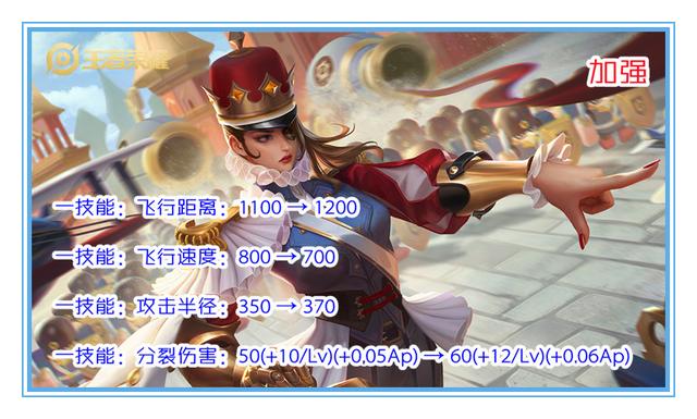 飞行距离从1100码增加到1200可以让她的一技能能打到更多的人一技能的飞行距离从800调整到700,这样有好有坏。好处是技能能够打的伤害更多了,坏处是比人更好躲了。一技能的攻击半径从350增加到了370,这个调整和飞行距离一样,也是让米莱狄的一技能可以打到更多的人。一技能的分裂伤害从原先的50/60/70/80/90/100+5%ap加成调整为60/72/84/96/108/120+6%ap加成,这个调整确实增加了米莱狄一技能的伤害。⑵我对米莱狄调整的看法
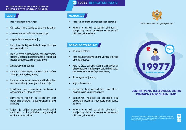 Kako si naglasili, jedinstvena telefonska linija centara za socijalni rad namijenjena je građanima da, ukoliko su u saznanju da je određenom licu usljed posebnih okolnosti i socijalnog rizika potreban odgovarajući oblik socijalne zaštite, mogu besplatno da prijave nadležnom centru.
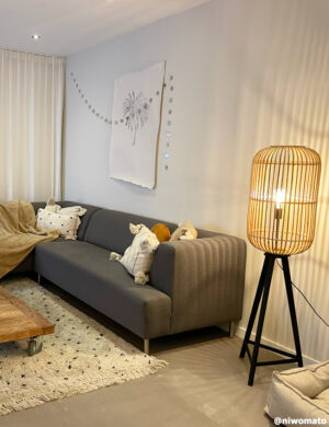 Die Stehlampe hat einen schwarzen Metallfuß auf einem Dreibein und besitzt einem Lampenschirm aus naturfarbenem Bambusholz. Der Lampenschirm erzeugt ein faszinierendes Licht- und Schattenspiel, sobald er von Ihnen eingeschaltet wird. Die Stehleuchte passt nahtlos in die Trends der Natur hinein und garantiert durch die natürlichen Anwendungen der Materialien bei der Anfertigung eine angenehme Atmosphäre. Dieses Lampenmodell bietet eine beruhigende Beleuchtung für alle Räume, einschließlich Wohn-, Schlaf- und Esszimmer sowie im Flur. Diese Lampe ist für Leuchten auf E27-Basis geeignet.
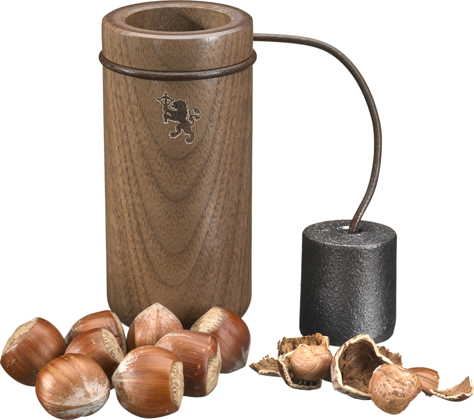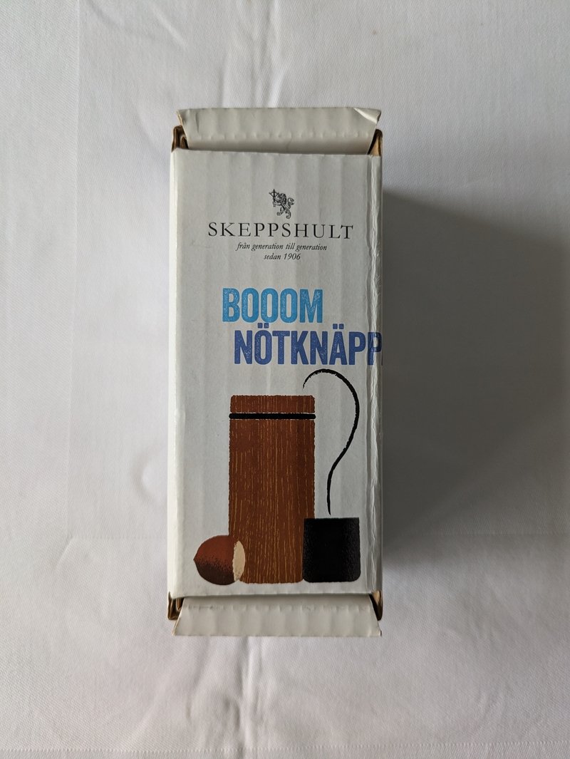 Casse-noisette « BOOOM » de chez SKEPPSHULT, d’une qualité exceptionnelle, est réalisé avec des matériaux nobles de premier choix. Il se compose d’un cylindre solide en fonte, d’un réservoir en bois de noyer et d’une sangle en cuir. Sa conception lui confère non seulement un aspect fascinant, mais garantit également sa robustesse et sa longue durée de vie. Son fonctionnement est épatant : vous insérez la noisette / noix dans le réservoir, ensuite c’est au tour du cylindre. Il ne vous reste plus qu’à faire un aller-retour en le pivotant et le poids en fonte tapera sur votre fruit préféré en le libérant de sa coquille sans effort et sans l’endommager !
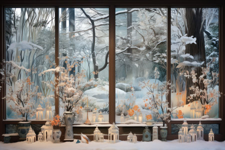 An interior shot reveals a train window framing a wintery forest. Inside, a seat with cushions and a blanket sits near the window, decorated with soft glowing lights. The scene suggests travel during a winter day. Suitable for illustrations related to travel, leisure, or design projects.
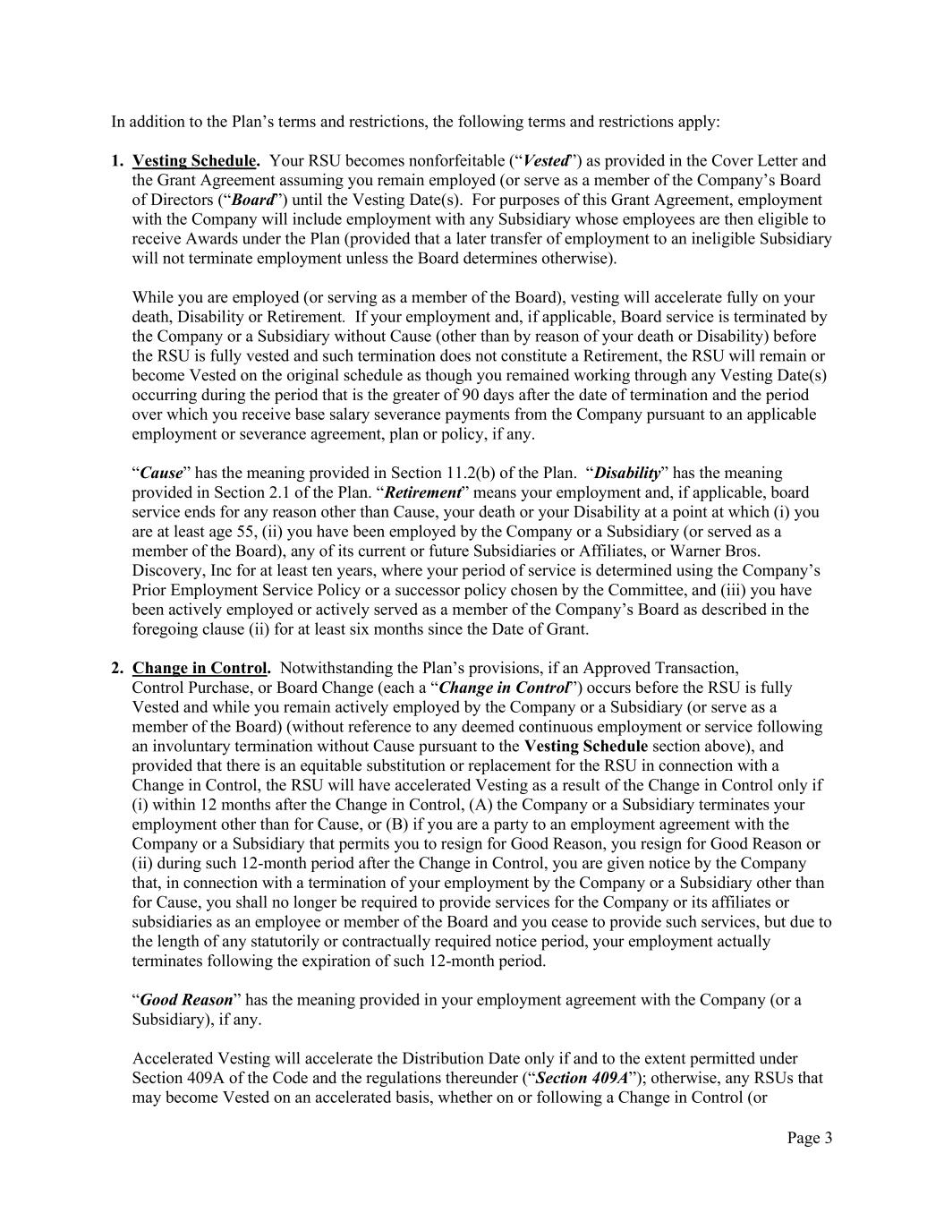 Page 3 In addition to the Plan’s terms and restrictions, the following terms and restrictions apply: 1. Vesting Schedule. Your RSU becomes nonforfeitable (“Vested”) as provided in the Cover Letter and the Grant Agreement assuming you remain employed (or serve as a member of the Company’s Board of Directors (“Board”) until the Vesting Date(s). For purposes of this Grant Agreement, employment with the Company will include employment with any Subsidiary whose employees are then eligible to receive Awards under the Plan (provided that a later transfer of employment to an ineligible Subsidiary will not terminate employment unless the Board determines otherwise). While you are employed (or serving as a member of the Board), vesting will accelerate fully on your death, Disability or Retirement. If your employment and, if applicable, Board service is terminated by the Company or a Subsidiary without Cause (other than by reason of your death or Disability) before the RSU is fully vested and such termination does not constitute a Retirement, the RSU will remain or become Vested on the original schedule as though you remained working through any Vesting Date(s) occurring during the period that is the greater of 90 days after the date of termination and the period over which you receive base salary severance payments from the Company pursuant to an applicable employment or severance agreement, plan or policy, if any. “Cause” has the meaning provided in Section 11.2(b) of the Plan. “Disability” has the meaning provided in Section 2.1 of the Plan. “Retirement” means your employment and, if applicable, board service ends for any reason other than Cause, your death or your Disability at a point at which (i) you are at least age 55, (ii) you have been employed by the Company or a Subsidiary (or served as a member of the Board), any of its current or future Subsidiaries or Affiliates, or Warner Bros. Discovery, Inc for at least ten years, where your period of service is determined using the Company’s Prior Employment Service Policy or a successor policy chosen by the Committee, and (iii) you have been actively employed or actively served as a member of the Company’s Board as described in the foregoing clause (ii) for at least six months since the Date of Grant. 2. Change in Control. Notwithstanding the Plan’s provisions, if an Approved Transaction, Control Purchase, or Board Change (each a “Change in Control”) occurs before the RSU is fully Vested and while you remain actively employed by the Company or a Subsidiary (or serve as a member of the Board) (without reference to any deemed continuous employment or service following an involuntary termination without Cause pursuant to the Vesting Schedule section above), and provided that there is an equitable substitution or replacement for the RSU in connection with a Change in Control, the RSU will have accelerated Vesting as a result of the Change in Control only if (i) within 12 months after the Change in Control, (A) the Company or a Subsidiary terminates your employment other than for Cause, or (B) if you are a party to an employment agreement with the Company or a Subsidiary that permits you to resign for Good Reason, you resign for Good Reason or (ii) during such 12-month period after the Change in Control, you are given notice by the Company that, in connection with a termination of your employment by the Company or a Subsidiary other than for Cause, you shall no longer be required to provide services for the Company or its affiliates or subsidiaries as an employee or member of the Board and you cease to provide such services, but due to the length of any statutorily or contractually required notice period, your employment actually terminates following the expiration of such 12-month period. “Good Reason” has the meaning provided in your employment agreement with the Company (or a Subsidiary), if any. Accelerated Vesting will accelerate the Distribution Date only if and to the extent permitted under Section 409A of the Code and the regulations thereunder (“Section 409A”); otherwise, any RSUs that may become Vested on an accelerated basis, whether on or following a Change in Control (or

****************************************

- WHAT YOU HAVE TO DO
Copy word for word the span of the records above that begins at the line with "Kako si naglasili, jedinstvena" and ends at the line with "An interior shot", including those two lines but not the pictures.

- RESPONSE TO THE EXERCISE
 Kako si naglasili, jedinstvena telefonska linija centara za socijalni rad namijenjena je građanima da, ukoliko su u saznanju da je određenom licu usljed posebnih okolnosti i socijalnog rizika potreban odgovarajući oblik socijalne zaštite, mogu besplatno da prijave nadležnom centru.
 Die Stehlampe hat einen schwarzen Metallfuß auf einem Dreibein und besitzt einem Lampenschirm aus naturfarbenem Bambusholz. Der Lampenschirm erzeugt ein faszinierendes Licht- und Schattenspiel, sobald er von Ihnen eingeschaltet wird. Die Stehleuchte passt nahtlos in die Trends der Natur hinein und garantiert durch die natürlichen Anwendungen der Materialien bei der Anfertigung eine angenehme Atmosphäre. Dieses Lampenmodell bietet eine beruhigende Beleuchtung für alle Räume, einschließlich Wohn-, Schlaf- und Esszimmer sowie im Flur. Diese Lampe ist für Leuchten auf E27-Basis geeignet.
 Casse-noisette « BOOOM » de chez SKEPPSHULT, d’une qualité exceptionnelle, est réalisé avec des matériaux nobles de premier choix. Il se compose d’un cylindre solide en fonte, d’un réservoir en bois de noyer et d’une sangle en cuir. Sa conception lui confère non seulement un aspect fascinant, mais garantit également sa robustesse et sa longue durée de vie. Son fonctionnement est épatant : vous insérez la noisette / noix dans le réservoir, ensuite c’est au tour du cylindre. Il ne vous reste plus qu’à faire un aller-retour en le pivotant et le poids en fonte tapera sur votre fruit préféré en le libérant de sa coquille sans effort et sans l’endommager !
 An interior shot reveals a train window framing a wintery forest. Inside, a seat with cushions and a blanket sits near the window, decorated with soft glowing lights. The scene suggests travel during a winter day. Suitable for illustrations related to travel, leisure, or design projects.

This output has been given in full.